■ DATASET
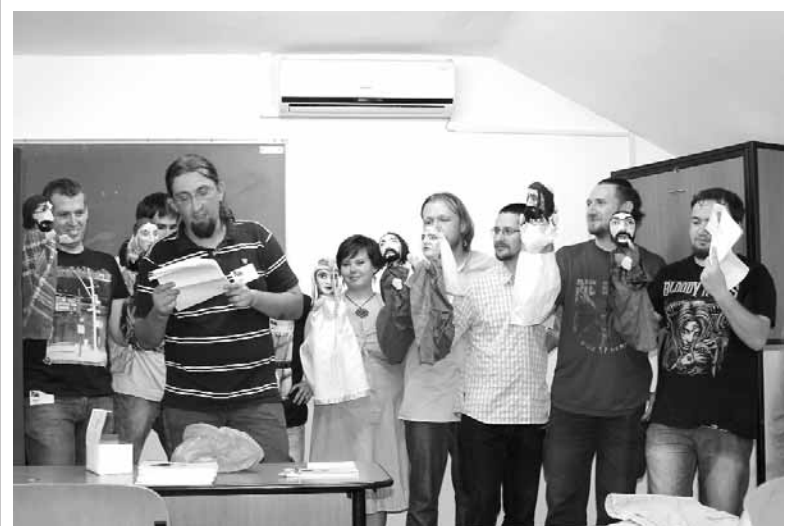
A bábjátéknak mindig nagy sikere szokott lenni
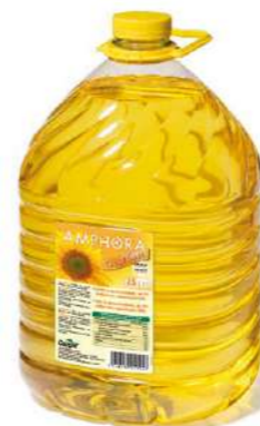
160802 Oli gira-sol Gold 2 X 7,5 LIT. AMPHORA 1,88 € / litre
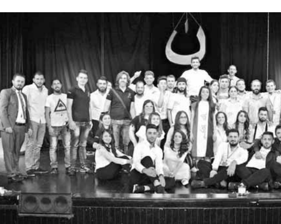
الطلاب المشاركون في المسرحية

من جهته، ركز بييري، على «ضرورة الالتزام بترتيبات التنسيق والارتباط»، وأكد أن «المحافظة على الاستقرار هي مسؤولية الجانبين، وأن القوات الدولية جاهزة لمساعدتهما على ذلك».
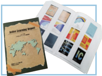
▲授業での作品が学校で出版する資料に実際に使用されることもあります。画像左は2020年度の優秀作品がC科の「アクティブ・ラーニング報告書」の表紙になったもの。就活のネタになるかも！

の練習の場を探すのはなかなか難しい。まず機材の入手が困難だし、せっかく作ったものは誰かに見てほしい。それにアドバイスも欲しいし、なんて、悩みは尽きないですよ。 演習「編集技法」はデザインに興味があるけどなかなか機会がない、初めの一歩が踏み出せない、なんて方にとってもおススメの授業です。プロ仕様の編集ソフト「InDesign」の操作方法を学びながら、チラシやポスターのデザイン、記事のレイアウトに実際に挑戦することができます。 IllustratorやCLIP STUDIO PAINTなど、イラスト編集ソフトに馴染みのある人は、そのノウハウを活かれます。初めての人も、先輩や先生のサポートがあるので安心です。 「弘法筆を選ばず」とは言いますが、やはり環境と道具は大事。C科は他の学科と違い、自由な職業選択ができるのが特徴の学科です。その自由の中には当然、デザイン業界も含まれます。新入生も、先輩も、「編集技法」で、最初の一歩を踏み出してみませんか。

■ PROBLEM REQUIREMENTS
Everything in the material above must be repeated exactly, apart from its pictures.

■ RESPONSE FOR THIS EXERCISE
A bábjátéknak mindig nagy sikere szokott lenni
160802 Oli gira-sol Gold 2 X 7,5 LIT. AMPHORA 1,88 € / litre
الطلاب المشاركون في المسرحية

من جهته، ركز بييري، على «ضرورة الالتزام بترتيبات التنسيق والارتباط»، وأكد أن «المحافظة على الاستقرار هي مسؤولية الجانبين، وأن القوات الدولية جاهزة لمساعدتهما على ذلك».
▲授業での作品が学校で出版する資料に実際に使用されることもあります。画像左は2020年度の優秀作品がC科の「アクティブ・ラーニング報告書」の表紙になったもの。就活のネタになるかも！

の練習の場を探すのはなかなか難しい。まず機材の入手が困難だし、せっかく作ったものは誰かに見てほしい。それにアドバイスも欲しいし、なんて、悩みは尽きないですよ。 演習「編集技法」はデザインに興味があるけどなかなか機会がない、初めの一歩が踏み出せない、なんて方にとってもおススメの授業です。プロ仕様の編集ソフト「InDesign」の操作方法を学びながら、チラシやポスターのデザイン、記事のレイアウトに実際に挑戦することができます。 IllustratorやCLIP STUDIO PAINTなど、イラスト編集ソフトに馴染みのある人は、そのノウハウを活かれます。初めての人も、先輩や先生のサポートがあるので安心です。 「弘法筆を選ばず」とは言いますが、やはり環境と道具は大事。C科は他の学科と違い、自由な職業選択ができるのが特徴の学科です。その自由の中には当然、デザイン業界も含まれます。新入生も、先輩も、「編集技法」で、最初の一歩を踏み出してみませんか。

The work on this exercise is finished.